How To Get Vatican Tickets, Tours, And Passes — The Complete Guide + Tips

Planning a visit to the Vatican? This Vatican guide gives you the lowdown on how to get tickets to the Vatican, how to skip the line, and advice on what tours to take.

There are a lot of options and it can be confusing. Hopefully, this guide will give you all the information you need and give you ways to score Vatican tickets and tours.

panoramic view of the Vatican museums from the dome of St. Peter's
panoramic view of the Vatican museums from the dome of St. Peter’s

The Vatican Museums are a bucket list item for most people visiting Rome. The Vatican offers stunning architecture, miles of art, and a rich history.

In fact, the Vatican holds one of the greatest art collections on the planet. And everyone wants to behold Michelangelo’s stunning Sistine Chapel frescos.

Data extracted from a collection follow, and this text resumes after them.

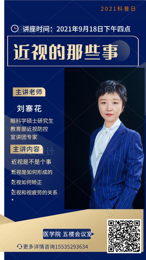 刘寨花老师是教育部近视防控宣讲团专家,近三年积极在校内校外、线上线下及大同电视电台等各类媒体,开展眼健康科普知识讲座50余场,深受学生及广大市民的喜爱,为大同市儿童青少年近视防控事业做出了贡献。
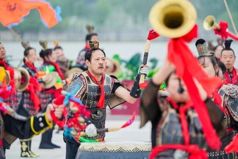 本次赛事分为公开组、高校组和本地组3个组别,涵盖22人龙舟与12人龙舟200米、500米直道竞速等多个项目。开幕式在秦汉战鼓表演中拉开帷幕,百余名身着秦军铠甲的鼓手演绎“出征、交战、凯旋”三部曲,展现传统非遗魅力。灵动的舞狮表演中,四头彩狮踩着鼓点跳跃盘旋,时而仰头咆哮,时而伏地憨态可掬,为现场增添了许多欢乐祥和;岸边数米长的彩带龙随之翻飞,高杆龙与彩带龙交相呼应,表演者们手持长杆舞动着巨龙,尽显灵动与力量。
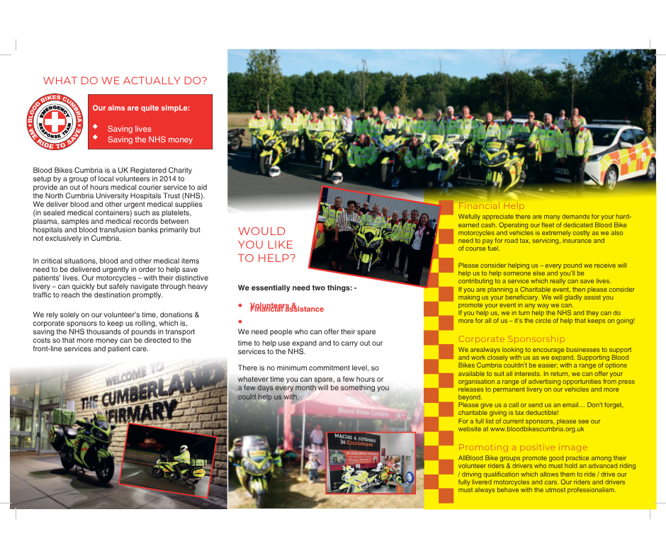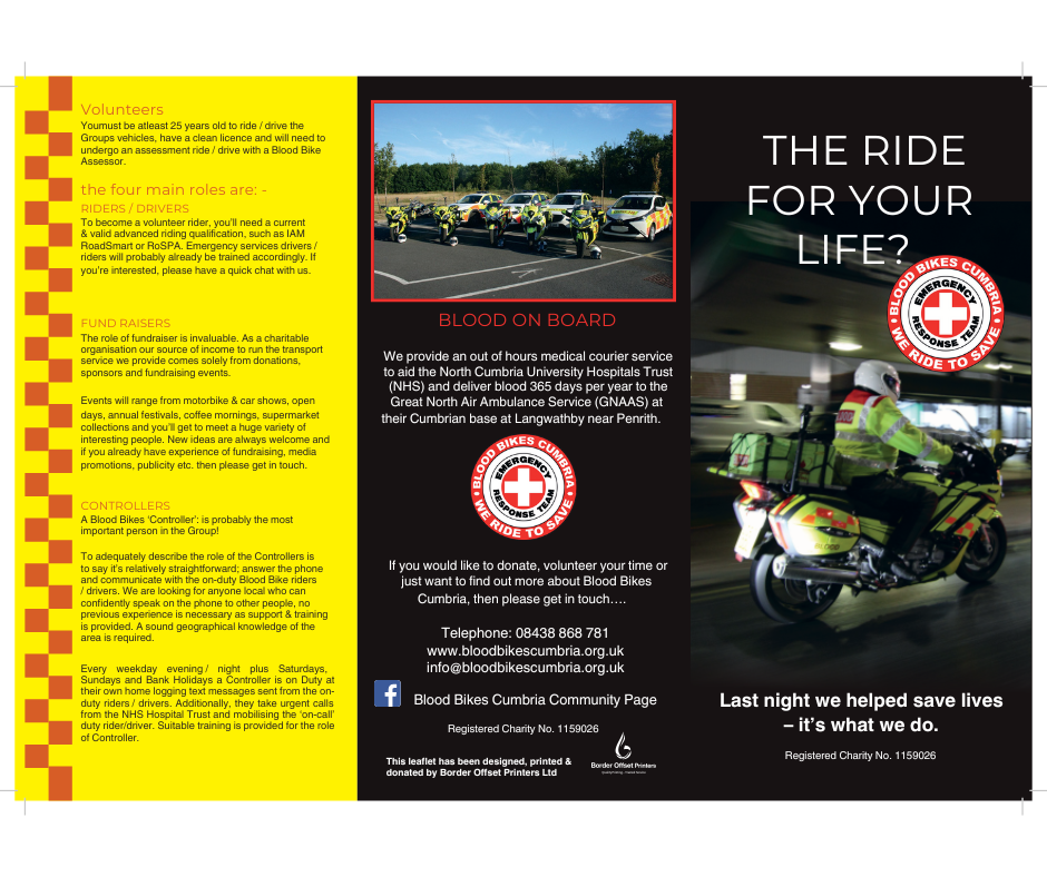 Blood Bikes Cumbria Other news 7 November 20257 November 2025 Blood Bikes Cumbria: Riding to Save Lives, Powered by Local Support Category: Charity Spotlight | Region: North West Blood Bikes Cumbria is a registered charity run entirely by volunteers, providing a free, out-of-hours emergency transport service for the North Cumbria Integrated Care NHS Foundation Trust and the Great North Air Ambulance Service. Their fleet of motorcycles and cars deliver blood, plasma, breast milk and urgent medical supplies across the region—365 days a year. This vital service is funded solely through public donations and community-led fundraising. From supermarket collections to bike shows and charity walks, every pound raised helps keep their bikes on the road and their mission alive. How You Can Help Whether you’re a rider, fundraiser, or simply passionate about supporting your local NHS, there are many ways to get involved: • Donate: Every contribution helps cover fuel, maintenance and operational costs. • Fundraise: Organise or join events in your area—bike meets, charity rides or local shows. • Volunteer: From riders to coordinators, Blood Bikes Cumbria welcomes new members across the region. As part of our ongoing support for motorcycle-led charities, the British Motorcyclists Federation encourages members and supporters in Cumbria to explore how they can contribute to this life-saving initiative. 🔗 Learn more or get involved at Blood Bikes Cumbria website 📄 Read the “Ride for Your Life?” leaflet to explore volunteer roles and donation options: Written by MJ All images courtesy of Blood Bikes Cumbria Share on Facebook Share Share on TwitterTweet Share on Pinterest Share Share on LinkedIn Share Share on Digg Share
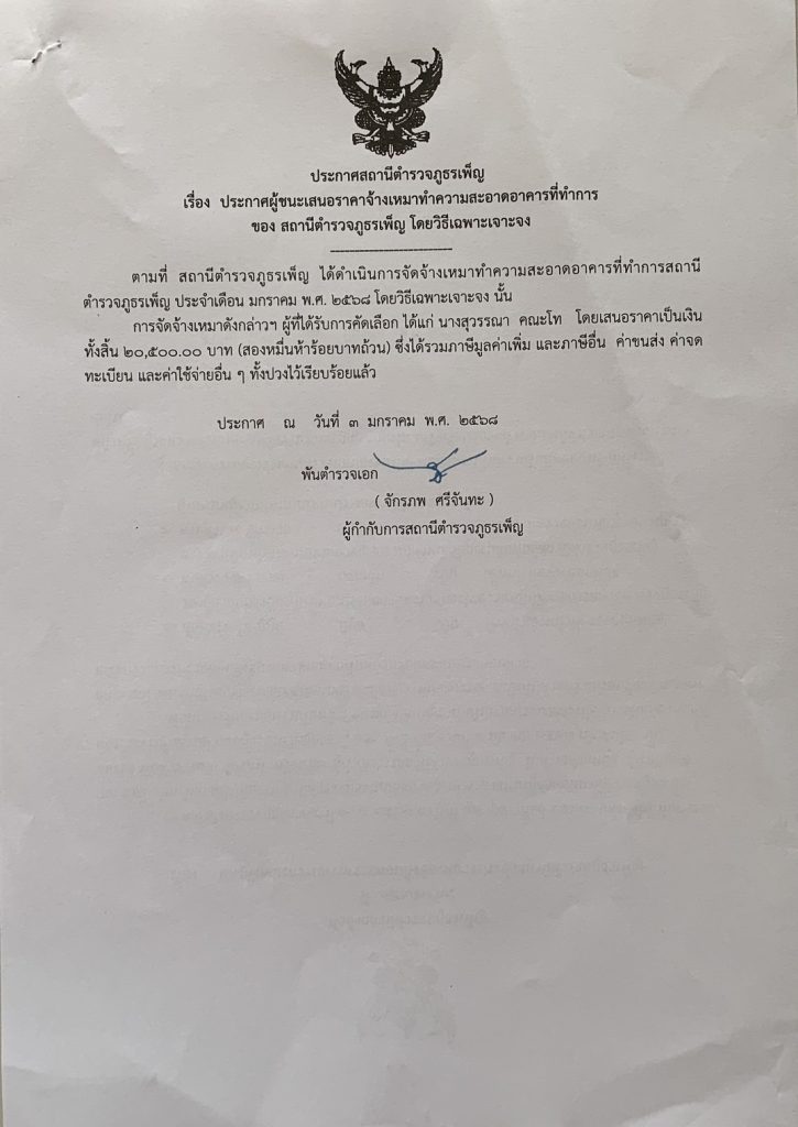ประกาศผู้ชนะการเสนอราคางานจ้างเหมาทำความสะอาดอาคารที่ทำการ โดยวิธีเฉพาะเจอะจง
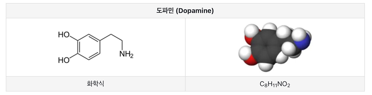 도파민(Dopamine)은 중추신경계에 존재하는 신경전달물질의 일종으로, 아드레날린과 노르아드레날린의 전구체이다 -위키백과-
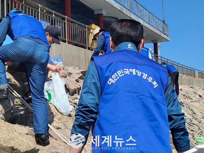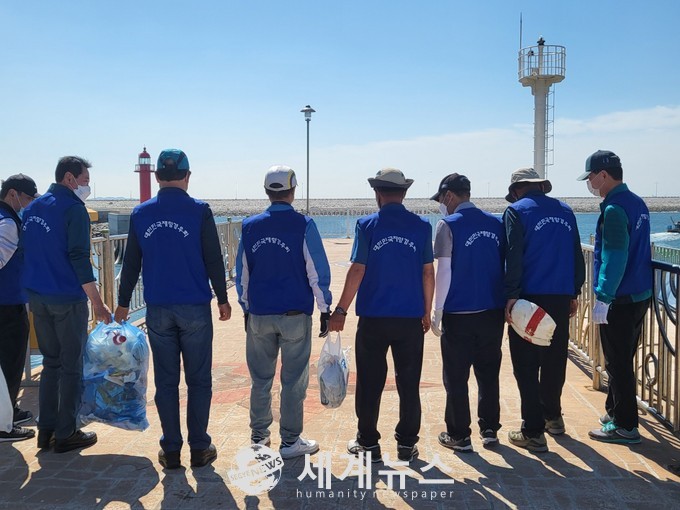▲ 전북해양경찰경우회원들이 비응항에서 쓰레기를 수거하고 있는 모습(사진 = 윤준필기자) |
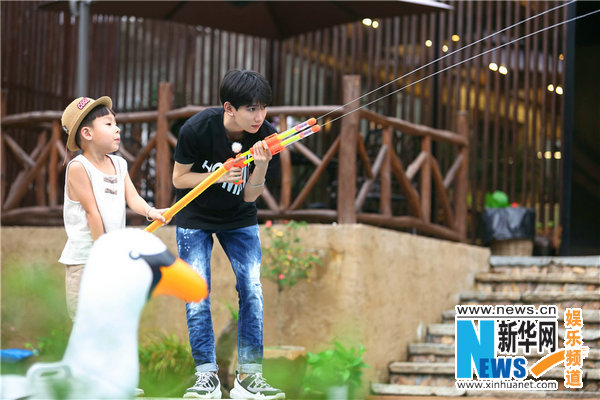 除了為客人們煎蛋,王源還貼心照顧小朋友。晚飯后,主人們與素人旅客一起齊聚游泳池游泳,其中一家四口中的小男孩也在水中嬉戲,他看見王源更是抑制不住喜歡之情,直呼:“王源哥哥,你帶著我游!蓖踉匆残廊粦(yīng)允,拉著小朋友的游泳圈一直往前游,讓這位小朋友分外開心。
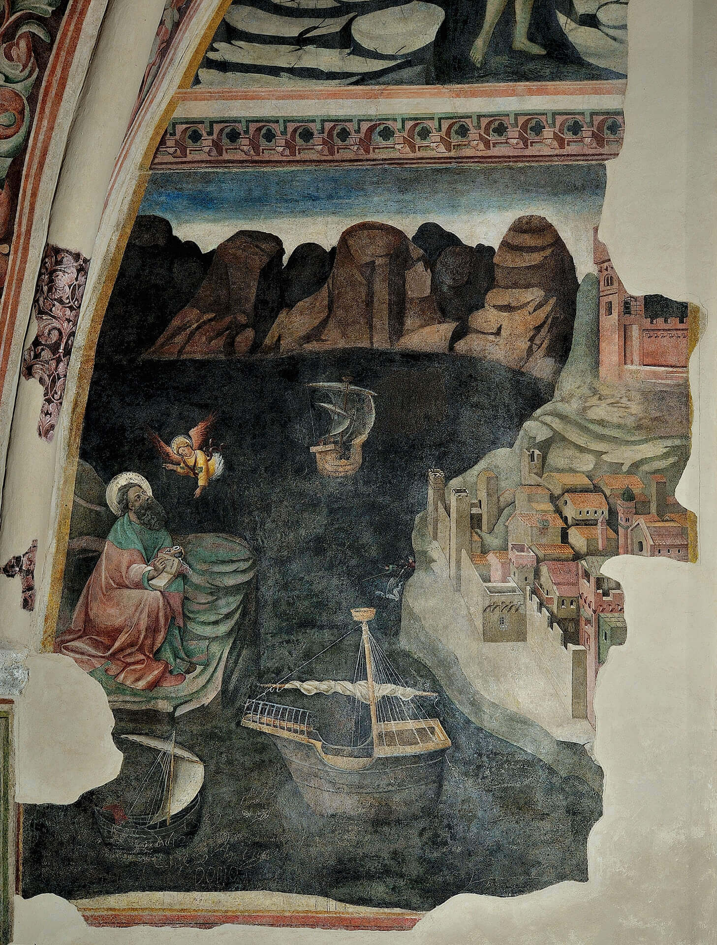 Even in anonymity, these frescoes represent however an important testimony of the transitional moment from the ornate and sumptuous style dear to the late Gothic masters to the more realistic and spatially coherent of the early Renaissance. The seductive courtly grace of some figures, with those participating in the “Banquet of Herod“, join the severe layout of other episodes, such as in “San Giovanni a Patmos” or in the “Preaching of the Baptist“, pervaded by an atmosphere of great emotional concentration.
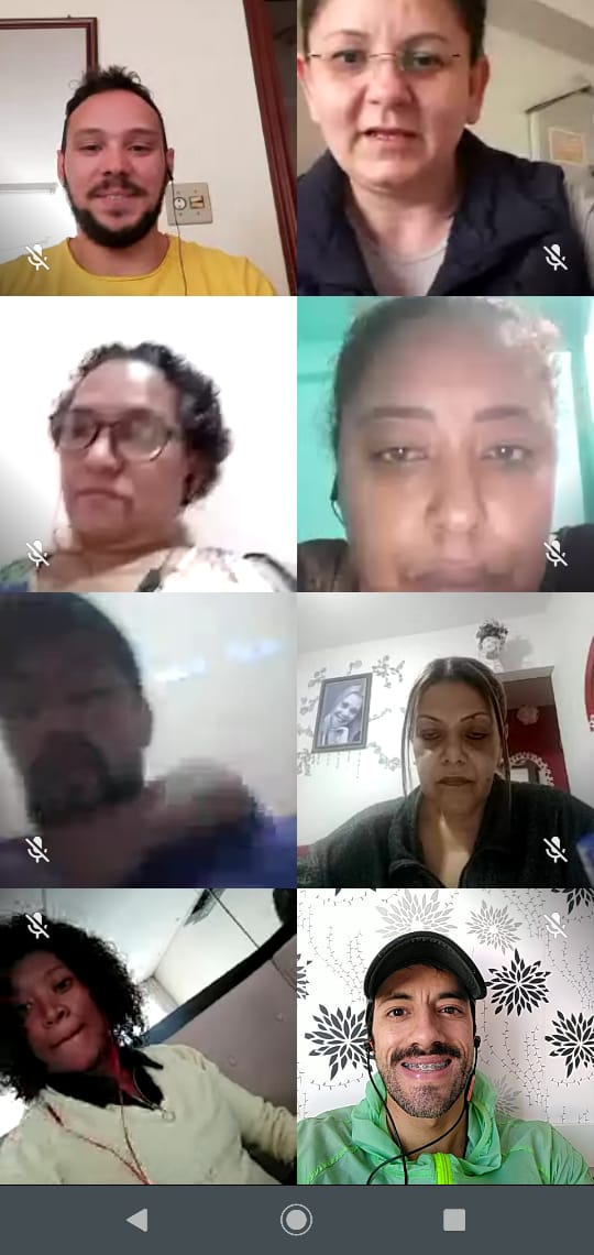 Em reunião com os educadores e direção por vídeo chamada, os educadores dialogaram as experiências em meio à pandemia e a readequação das oficinas via plataformas digitais, uma vez que o público atendido varia no âmbito familiar (pai, mãe, tio, tia, primo, prima, avós, etc.), acrescentaram ainda: – Foi um desafio repensar as atividades para as redes sociais, tivemos que ser bem mais criativos e atingir um público cada vez mais heterogêneo, grifo dos educadores sociais.
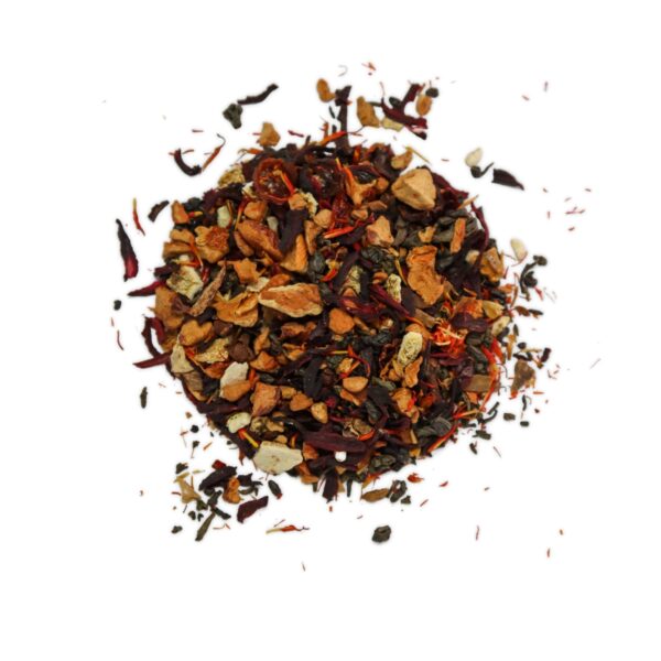 Organic Blend of Apple, Hibiscus, Gunpowder tea, Rosehip, Cinnamon, Safflower, Lemon Peel, Orange Peel and Cloves
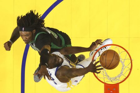 - Golden State Warriors forward Draymond Green, bottom, dunks against Boston Celtics center Robert Williams III during the first half of Game 5 of basketball’s NBA Finals in San Francisco, Monday, June 13, 2022. (Ezra Shaw/Pool Photo via AP)
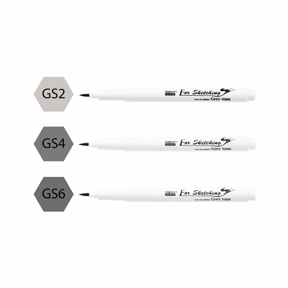 Скетч-маркер (кисть) Marvy Uchida пигментные чернила на водной основе Серый №6 MAR4600FS/GS6

What you don’t want to do is wait in line. The Vatican is infamous for its infinite lines. Waiting in line when you’re in Vatican City is super frustrating. And it’s just a waste of valuable sightseeing time.

How To Get Vatican Tickets And Tours

Here are the various ways to buy and book Vatican tickets and tours. Working out which tickets you want can be tricky. So, I’ve laid out all your options.

Pinterest pin for Vatican tickets & tours
Pinterest pin for Vatican tickets & tours

1. Line Up To Buy Vatican Tickets At The Door

You can walk up and buy your Vatican ticket at the door. But this is NOT the option I would choose, unless you’re visiting in the dead of winter. Then, it may be doable.

The lines to enter the Vatican and the lines to purchase tickets at the tickets booths are typically extremely long. So winging it is not the best way to go.

The Vatican opens at 9:00 am and people start lining up at 7:30 am. If you don’t have a ticket, it’s better to go in the late afternoon.

the Pine Cone Courtyard at the Vatican
the Pine Cone Courtyard at the Vatican

2. Buy Vatican Tickets On The Official Website

A less stressful approach is to book tickets online. You can book timed entry tickets on the date of your choosing through the Vatican’s official website.

The cost is € 17 for a regular ticket, and € 8 for a reduced ticket (for children between the ages of 6-18). You can only book with a Visa or Mastercard.

If you are buying a reduced entry ticket for children, you must bring their official ID (passport) to prove their age. If you’re a student, you must show an internationally recognized student ID.

There’s also a € 4 surcharge for booking fees online, but that will give you skip the line access. You can bypass the queue and head straight to security.

I’ve waited in long lines at the Vatican. Trust me, it’s definitely worth it to pay more to avoid this situation at all costs.

long lines outside the Vatican Museums
long lines outside the Vatican Museums

In high season, tickets sell out quickly. So be organized and book your tickets weeks in advance.

After making your purchase, you’ll be sent a confirmation email including a PDF and a QR code. You can either print the ticket or display it on your phone when you arrive. You can add an audioguide either at the Vatican or as an add-on to your online ticket purchase.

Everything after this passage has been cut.